Décortiquons ligne par ligne cette excuse pathétique d'analyse du risque politique. Tout d'abord, il est vrai que la protection du droit à l'avortement, sous une forme ou une autre (mais pas aussi étendue que ne le préconisent les démocrates), est populaire aux États-Unis. Cependant, peu de personnes votent en conséquence de cette question. Le droit à l'avortement arrive en cinquième position parmi les questions qui motivent les électeurs, loin derrière la crise du coût de la vie. Donc, au mieux, cela ne bénéficie à la Maison Blanche que de façon marginale.
Deuxièmement, en cette période d'inflation galopante de 8,5 % en juillet, proche du niveau le plus élevé depuis plusieurs décennies, l'insistance obstinée de Biden à dépenser sans compter ne semble pas seulement partisane, elle semble dangereuse. Les électeurs sont de loin les plus préoccupés par l'inflation et l'économie, et par la façon dont la Réserve fédérale et la Maison-Blanche de Biden ont laissé le génie de l'inflation sortir de la lampe, deux générations après que le président de la Réserve fédérale, Paul Volcker, et Ronald Reagan avaient apprivoisé la bête. Au contraire, Biden a d'abord minimisé le problème, puis a déclaré que l'inflation serait transitoire, pour enfin proposer de se concentrer plutôt sur les chiffres de la création d'emplois. Faux, faux et encore faux. Le pays rend la Maison Blanche responsable du fléau de l'inflation simplement parce que les analphabètes économiques de l'administration ont continué à dépenser de l'argent comme des marins ivres, en dépit de la réalité.
Troisièmement, la politique totalement injuste de « pardon » des prêts étudiants est manifestement mal nommée (j'ai personnellement remboursé un trésor de prêts en travaillant dur et je suis complètement mortifié à l'idée d'être ridiculisé par une Maison Blanche qui cherche honteusement à acheter des votes). Les prêts ne disparaissent pas simplement comme par magie, contrairement aux affirmations des fantasmes de la gauche. Non, ils font partie de la dette publique générale, qui devra être payée sous forme d'impôts par les personnes qui n'ont pas fait d'études supérieures et par ceux d'entre nous qui ont déjà payé leurs prêts. Pendant ce temps, les jeunes milléniaux, dont l'éthique de travail est collectivement épouvantable, prennent de nouvelles « vacances expérientielles ». Cet effort désespéré pour acheter la loyauté électorale des jeunes a peu de chances de fonctionner, car statistiquement, ils ont tendance à être trop paresseux pour voter en nombre significatif, et le reste d'entre nous est furieux contre l'injustice de ce dernier stratagème progressiste.

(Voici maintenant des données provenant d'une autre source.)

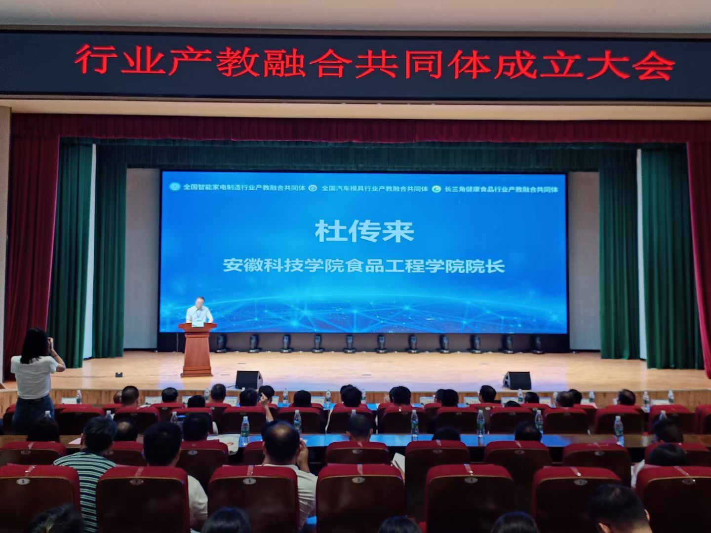 6月28日上午,长三角健康食品行业产教融合共同体成立大会暨第一届理事会大会在滁州职业技术学院召开。大会由安徽盼盼食品有限公司、半岛app官方在线入口、滁州职业技术学院共同主办。我校作为此次产教融合共同体的共同发起单位,食品工程学院院长杜传来全程参与此次成立大会。

Quatrièmement, s'il semble que Trump s'est (encore une fois) mal comporté en conservant des documents gouvernementaux classifiés, il n'est pas le seul. Les anciens présidents sont souvent en guerre contre le gouvernement pour savoir quels documents leur appartiennent et lesquels appartiennent à la nation. L'ancien conseiller à la sécurité nationale de Clinton, Sandy Berger, est allé jusqu'à fourrer des documents peu flatteurs dans son pantalon et ses chaussettes (on ne peut pas inventer ce genre de choses), avant d'être découvert alors qu'il tentait de s'éclipser des Archives nationales. Et ne me lancez pas sur le traitement privilégié et écœurant qu'a reçu Hillary Clinton de la part du FBI au sujet de son serveur maison illégal. Dans ces autres cas, le FBI n'a pas pris d'assaut les maisons des coupables, comme il l'a fait avec Trump et Mar-a-Lago. Ironiquement, ces deux poids deux mesures renforcent la position de Trump, car son accusation selon laquelle il existe un ensemble de règles pour les démocrates et un autre pour les républicains ne semble malheureusement que trop vraie.
Pour toutes ces raisons, ne croyez pas au battage médiatique sur le « retour » de Biden. Mon cabinet, qui a parfaitement prédit les résultats de 2020 (jusqu'à l'égalité au Sénat), estime que le parti républicain a encore de fortes chances de remporter 20 à 30 sièges à la Chambre des représentants tandis que l'issue du scrutin au Sénat reste imprévisible (aujourd'hui, nous l'estimons à 50-50). Lorsque les vœux pieux remplacent la pensée authentique, on obtient des histoires comme celles-ci.
Le Dr John C. Hulsman est président et associé directeur de John C. Hulsman Enterprises, une importante société de conseil en matière de risque politique mondial. Il est également chroniqueur principal pour City AM, le journal de la City de Londres. Il est joignable via johnhulsman.substack.com.
NDLR : L’opinion exprimée dans cette page est propre à l’auteur et ne reflète pas nécessairement celle d’Arab News en français.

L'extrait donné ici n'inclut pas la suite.